Economist.com: BY MANY standards, the health-care reforms unveiled by Germany’s government on Monday July 21st, with the vital support of the opposition, are far from revolutionary. The levy on companies for their employees' health care is set to fall from 14.4% to a still-hefty 13% by 2006, and the overall national health bill is not expected to decline: the new plan simply transfers costs by making individuals pay for things like dentures. The health minister, Ulla Schmidt, was forced to drop more dramatic proposals, like allowing health funds to have contracts with individual doctors, rather than collective agreements with doctors' associations. Even so, the reform is radical by German standards, and Ms Schmidt hopes that increased transparency will cut down on fraud and increase efficiency. Moreover, the government’s success in getting even this measure of reform enacted is a sign of a new realism in Germany about the extent of the country's economic malaise. Germany is not alone. In neighbouring France, the centre-right government of Jean-Pierre Raffarin has succeeded in driving through unpopular pension reforms that had brought hundreds of thousands on to the streets in protest. And this week, the government slayed another sacred cow, cutting the high, fixed interest rate on France’s biggest savings scheme, the Livret A...
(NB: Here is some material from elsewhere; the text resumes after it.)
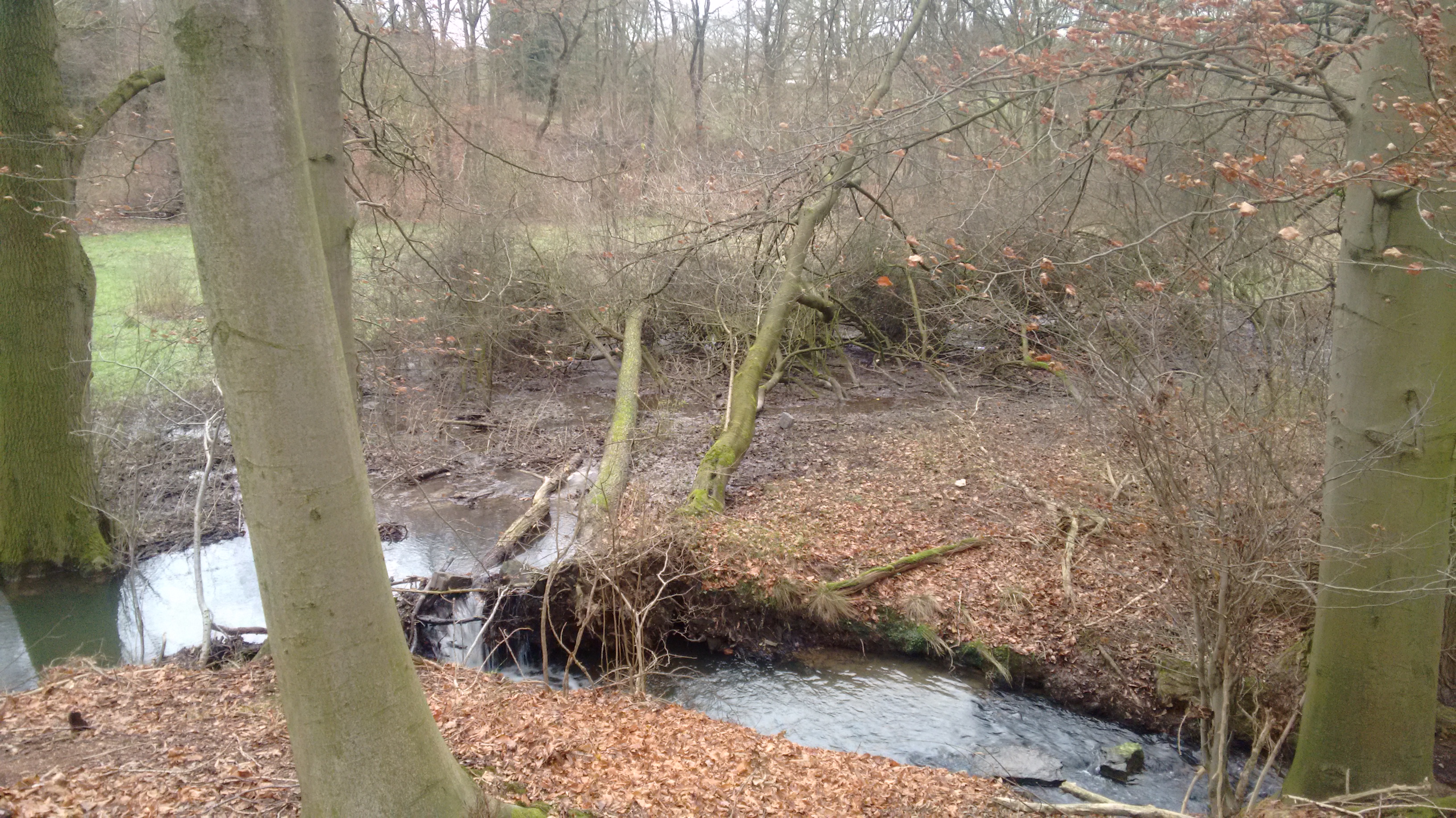 Im Wald war auch alles feucht. Auf unserer Waldseite sind am Boden oder den Bäumen keine Wildschäden zu sehen. Der Blick über den Borstenbach zeigte, wie schon die letzten Winter, die große Schweinesuhle und ebenso viele tiefe Löcher wie auf meiner Wiese. Der Borstenbach führt unheimlich viel Wasser.

Posted by DeLong at July 23, 2003 09:38 AM | TrackBack

Comments

I disagree with the "for once". The Economist used regularly to hail every small call for reform as a major breakthrough, but I think got disillusioned once the takeover of Mannesmann by Vodafone didn't open the floodgates. Of course, it hasn't really happened, because there's no grassroots call for structural reform in continental Europe, and the European Commission can claim no democratic mandate. Now, once France and Germany have managed to sneak through a few controversial reforms, the Economist is back in the over-optimistic mode.

Posted by: PJ on July 23, 2003 09:58 AM

Economist to all: When you folks are all British all will be well. We are so wonderful, you are ...

Posted by: arthur on July 23, 2003 11:05 AM

"Slayed another sacred cow..." The interest rate on Livret A has been cut before, so it's hardly sacred. Since the money saved is supposed to be spent on social housing or subsidizing small businesses, I'm not quite sure what the Economist is getting all worked up about, except that it seems to have a knee-jerk reaction for anything the French unions are against (for yes, the French unions are agin it).

Posted by: Andrew Boucher on July 23, 2003 11:46 AM

Anything unions are against anywhere anytime the Economist is for. Wait till it comes time to slash employee benefits in America, the Economist will be there to enjoy.

Posted by: jd on July 23, 2003 12:08 PM

The optimism has obvious been catching. Morgan Stanley are also cheering on Germany's efforts at reform.

Morgan Stanley

Jul 23, 2003

Germany: Three Cheers for the Chancellor

Elga Bartsch (London)

Six months ago, I published a report entitled Is Germany doomed? (January 6, 2003), in which I argued that the German economy would be reaching a critical point this year, in terms of both the business cycle and economic policies.  As I feared at the time, the economy slipped back into recession in the first half of this year and is unlikely to do anything but stagnate for the year as a whole.  Nevertheless, I am now ready to give three cheers to the Chancellor on the progress he is making in pushing through his reform agenda (see German Economics: Schroeder's Masterplan, March 16, 2003).

http://www.morganstanley.com/GEFdata/digests/20030723-wed.html#anchor0

Posted by: Pooh on July 23, 2003 02:07 PM

>>And this week, the government slayed another sacred cow, cutting the high, fixed interest rate on France’s biggest savings scheme, the Livret A...

Livret A is not a fixed rate account. It's a regulated rate, but it's meant to be periodically realigned with market rates of interest. It's also not France's biggest savings scheme.